By Meredith McGrath
Want to make sure your data is bulletproof and fact-checked so there aren’t any holes? Arm yourself with these tips from Tisha Thompson, investigative reporter for ESPN, and Sandhya Kambhampati, data reporter for ProPublica Illinois.
When starting out, create a text file or a Word document and record basic information on the project. Make a file folder and name it as the story’s slug. Keep all your work related to the project in this folder, including PDFs of any emails you received from a FOIA officer. Save the raw file of the date here and make a copy of it. Don’t touch the original copy, so you’ll always have the pure data on hand.
Keep a data diary
While it may sound labor-intensive, keep a data log or journal and track the changes you make to your data set. This will help you reproduce your work, and if your data analysis is ever challenged, you’ll have a specific log of exactly what you did. Document how you clean your data before you start cleaning it.
Check for smelly data
When you first get a data file, check to see what’s wrong with it. There’s no such thing as a perfectly clean data set. Always look for holes. Check for totals hidden in the bottom of your Excel file and extra characters hidden in cells. Look for nulls and missing values. Are there any spelling mistakes?
Obtain a data dictionary
Ask the agency that gave you the data for a dictionary, which will define fields. Don’t assume you know what each field is. If the agency won’t give you one, call them out on it and let them know you need this for accuracy.

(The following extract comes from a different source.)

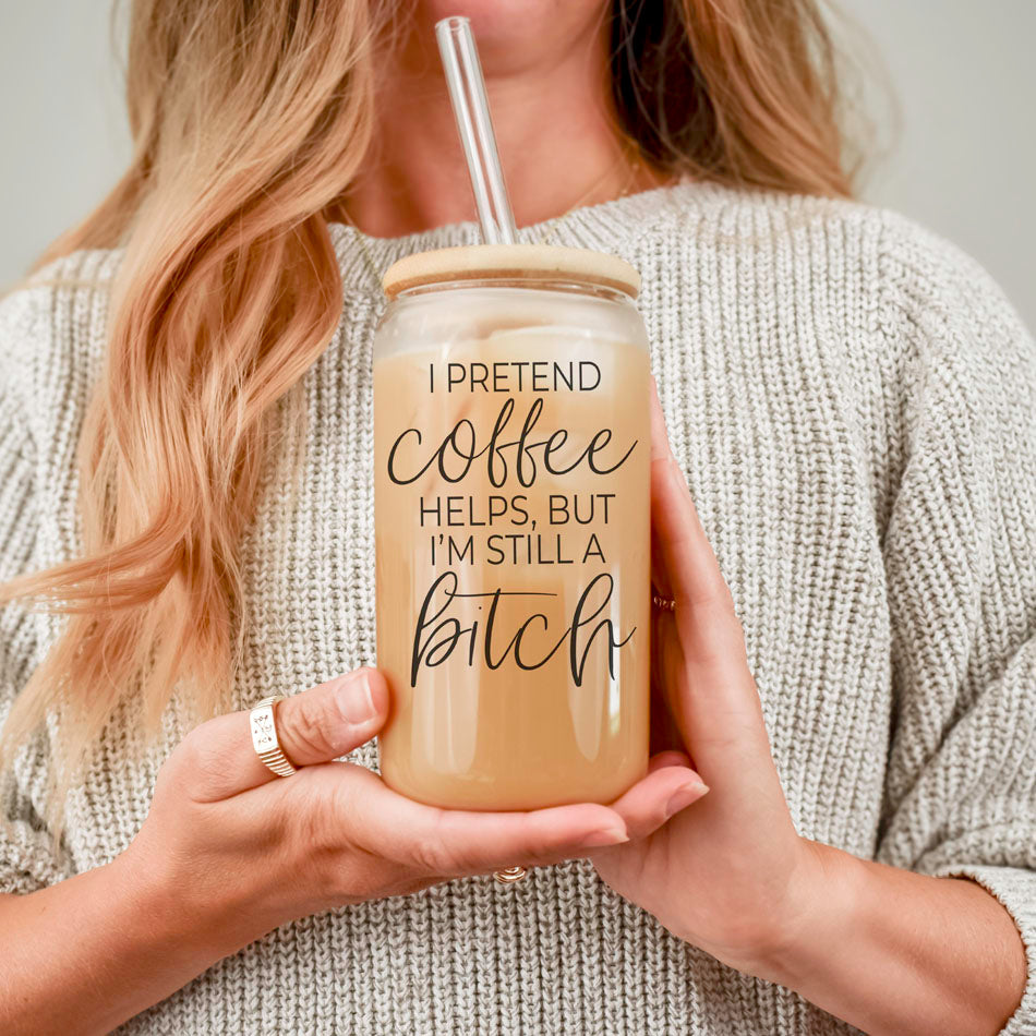 Sip back and relax with a dose of caffeine and a side of attitude! This 20oz glass cup boldly declares “I Pretend Coffee Helps, But I'm Still a Bitch,” because let’s be real—sometimes coffee just can’t fix everything (like that annoying coworker or your never-ending to-do list).

Slow down, and don’t take shortcuts
After you’re done interviewing a person, you know them inside and out. Know your data the same way. If something stands out as an outlier, be aware that it could be a hidden mistake. Check on this. Be meticulous.
Talk through your work
Find someone who doesn’t use data (maybe your mom or grandma) and show your work to them. Explain what you did and why. Talking out loud helps you identify mistakes. Ask them what they want to know about the data.
Check in with academics
Consult with experts and researchers about your data analysis and any gaps you find. Have them poke holes in your analysis. Keep going back to them, especially if your work is complex.
Refrain from overloading numbers
Don’t overload a reader with a lot of numbers in your story. There’s a point where the reader glazes over and doesn’t think them through. Pick the most important information to include.
Replicate your work
Overestimate the amount of time it will take you to check your work. Re-import your data from scratch. Mistakes can happen while importing data. Have your colleagues replicate your queries. The more eyes that can look over your work, the better.
Stand by what you publish
Be brave enough to stand up for what you put out for public consumption. Add a “nerd box” to your story on your site that explains how you obtained your data and summarizes your analysis.
Meredith McGrath is a journalism student at the University of Missouri.